Top of Records provided

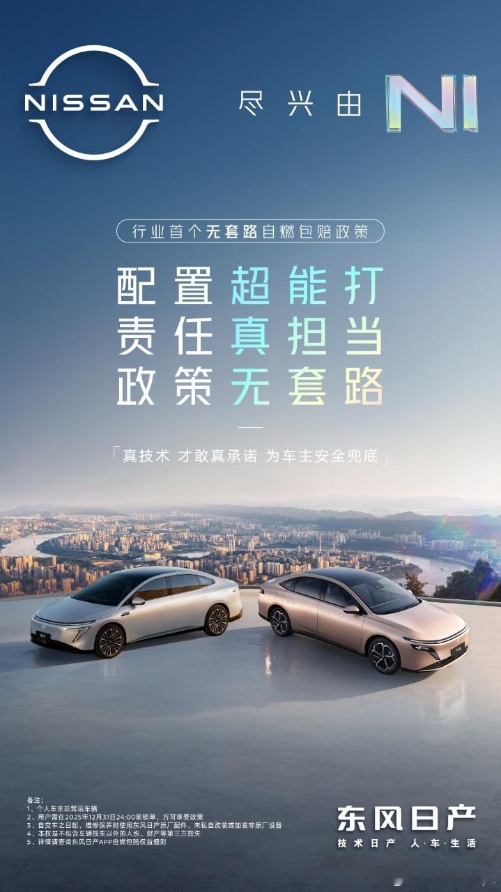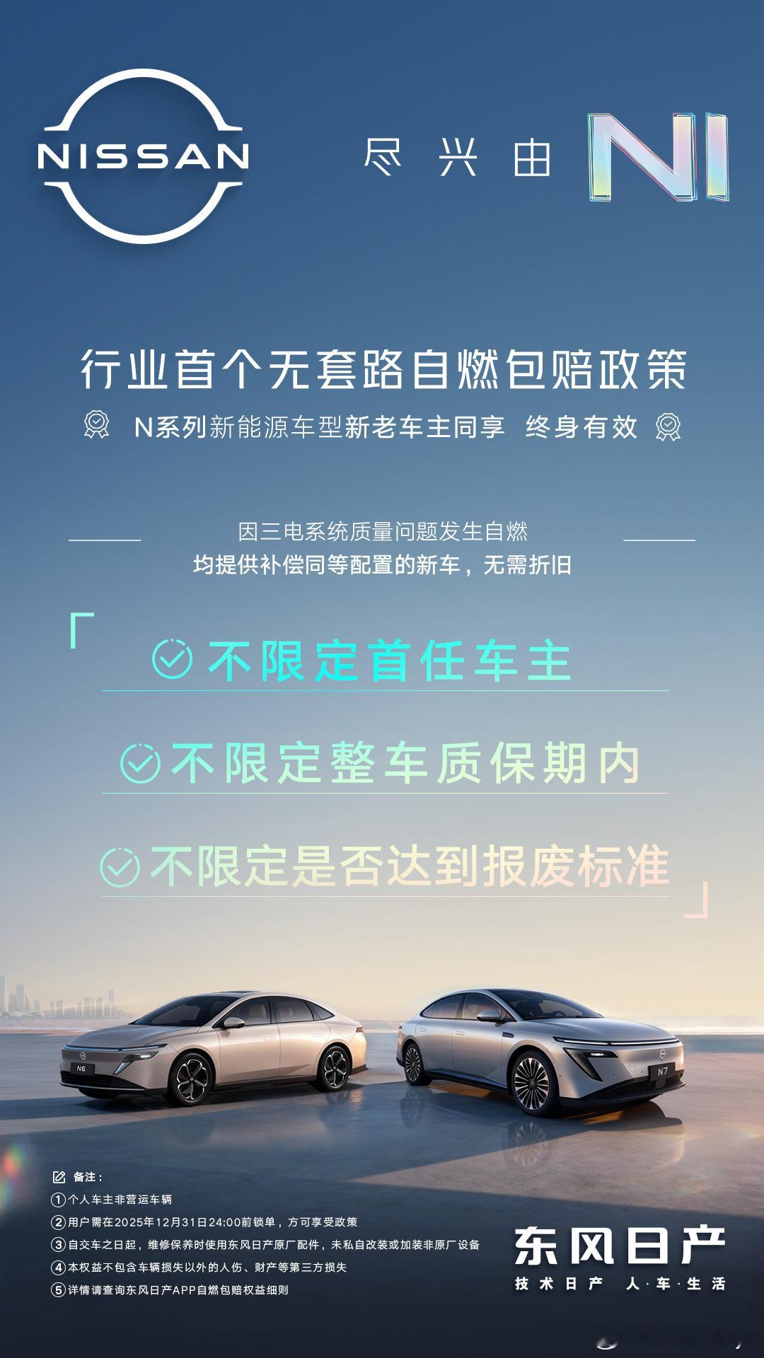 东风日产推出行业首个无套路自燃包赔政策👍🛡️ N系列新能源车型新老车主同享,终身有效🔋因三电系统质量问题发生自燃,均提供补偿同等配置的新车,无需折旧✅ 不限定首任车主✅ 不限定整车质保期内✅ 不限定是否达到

Bottom of Records provided
Top of Records provided

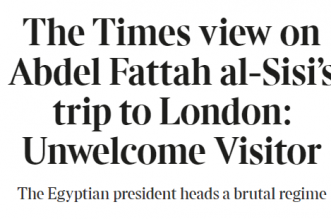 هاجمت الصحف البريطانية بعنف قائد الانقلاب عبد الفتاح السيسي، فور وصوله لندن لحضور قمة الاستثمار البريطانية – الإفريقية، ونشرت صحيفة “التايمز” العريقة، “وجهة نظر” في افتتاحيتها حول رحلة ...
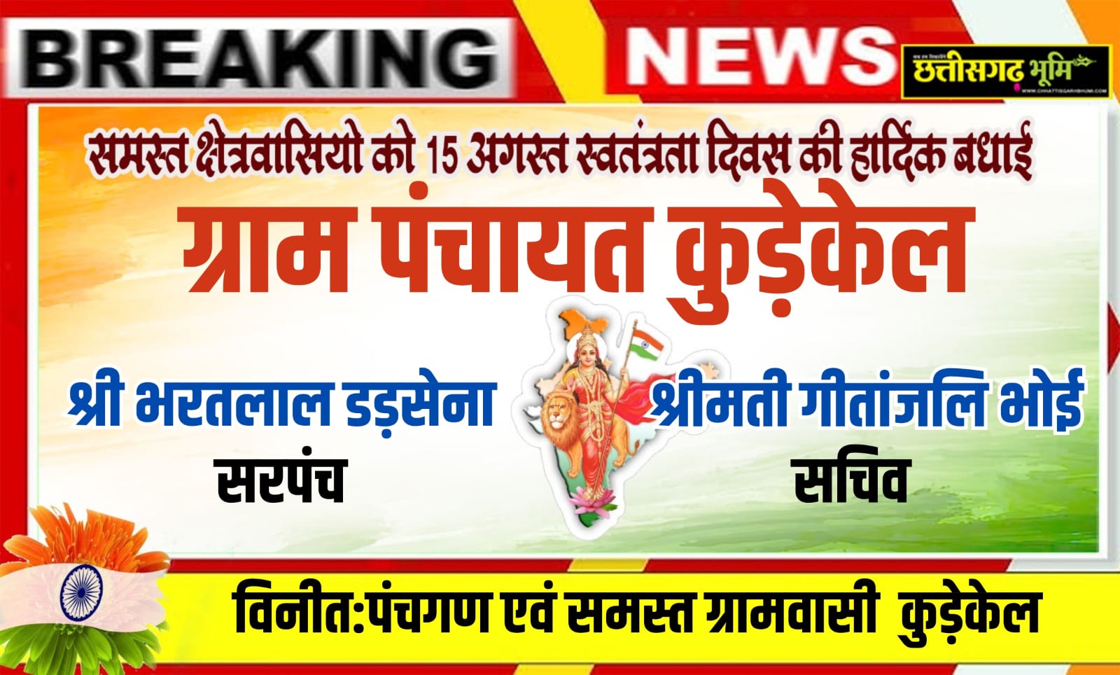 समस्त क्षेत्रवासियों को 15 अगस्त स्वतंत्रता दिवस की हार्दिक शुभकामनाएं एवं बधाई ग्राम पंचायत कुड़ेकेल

Bottom of Records provided

Copy word for word the span of the records above that begins at the line with "هاجمت الصحف البريطانية" and ends at the line with "समस्त क्षेत्रवासियों को", including those two lines but not the pictures.

* **Answer for this exercise**
 هاجمت الصحف البريطانية بعنف قائد الانقلاب عبد الفتاح السيسي، فور وصوله لندن لحضور قمة الاستثمار البريطانية – الإفريقية، ونشرت صحيفة “التايمز” العريقة، “وجهة نظر” في افتتاحيتها حول رحلة ...
 समस्त क्षेत्रवासियों को 15 अगस्त स्वतंत्रता दिवस की हार्दिक शुभकामनाएं एवं बधाई ग्राम पंचायत कुड़ेकेल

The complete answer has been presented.